The Benami Transactions (Prohibition) Amendment Act 2016, which was passed by Parliament in August this year, has come into effect.
The Act was designed to curb black money and the latest amendments are aimed at giving the Act some teeth in terms of legal and administrative procedure.
The extant Benami Transactions (Prohibition) Act is all set to be renamed as the Prohibition of Benami Property Transactions Act (PBPT Act).
What are Benami Transactions?
Benami Transactions refer to those transactions wherein a property is held by or transferred to a person which has been provided by or paid by another person.
It also includes property transactions where
1) A transaction has been made under a fictitious name
2) The owner is not aware or denies knowledge of the ownership of the property
3) The person providing the property is untraceable.
The person on whose name the property was purchased is called the ‘benamdar’ and the property so purchased is called as benami property. The person who finances the whole deal is the real owner.
Here’s a list of important features of the Act:
- Under the Act the real owner cannot recover the benami property held by ‘benamdar’

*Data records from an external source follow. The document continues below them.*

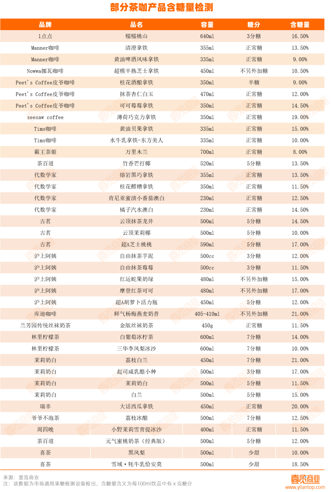 此前,茶咖觀察評測過超60款茶飲、咖啡,即便非全糖茶飲,平均含糖量也在12%左右(每100ml飲品含12g糖)。同時,不少品牌依舊依賴植脂末、代糖、調(diào)制乳中和口感,而相關的原料成分并不透明,消費者陷入“好喝不敢喝”困境。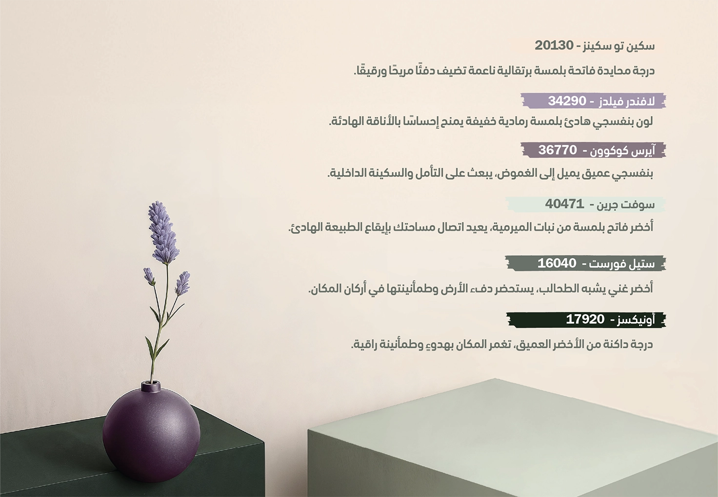 من درجات البنفسجي الناعم والأخضر الهادئ إلى الألوان المحايدة المتوازنة.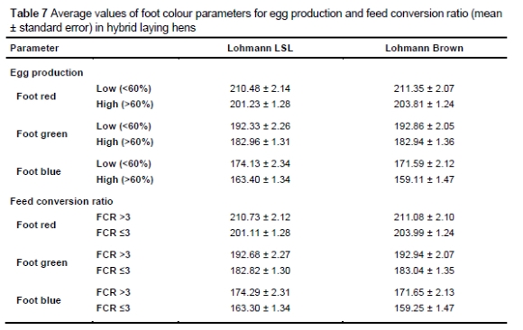 The overarching objective within animal production systems is to enhance sustainability by minimising the environmental impact. This involves improving the feed conversion ratio (FCR), mitigating production losses caused by environmental stressors, and extending the productive lifespan of animals (Hume et al., 2011 ; Gautron et al., 2021). The aim of this study was to establish an optimal culling methodology for identifying low-producing hens among both white and brown hybrid laying hens. Its primary goals were to remove low-performing hens from the flock and improve economic sustainability by maximising the utilisation of productive genetic material. Utilising a digital camera and spectrophotometer, the study assessed colour changes in the hens' combs, beaks, and feet, and measured body temperature with a thermal camera. In this study, both colour change and temperature were associated with productivity, indicating that these objective techniques offer an innovative method for identifying and culling low-performing hens. This study therefore has the potential to contribute to the development of technological systems for discerning productive and unproductive hens through objective methods.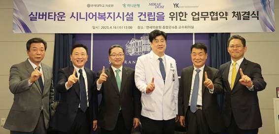 연세의료원이 16일 실버타운 시니어복지시설 건립을 위해 하나은행, MDI미래도시개발, YK자산운용과 함께 다자간 업무협약을 체결했다.

- The government can confiscate benami properties without paying any compensation
- The government has given only four authorities the right to conduct investigation into the matter; they are the Initiating Officer, Approving Authority, Administrator and Adjudicating Authority
- Indulging in benami transactions can lead to up to seven years of imprisonment and fine
- Providing incorrect information is punishable by imprisonment of up to five years and fine
- Initiating Officer may pass an order to continue holding the property and may then refer case to Adjudicating Authority
- After examining evidence the Adjudicating Authority may pass an order
- Appellate Tribunal will hear appeals against orders of Adjudicating Authority.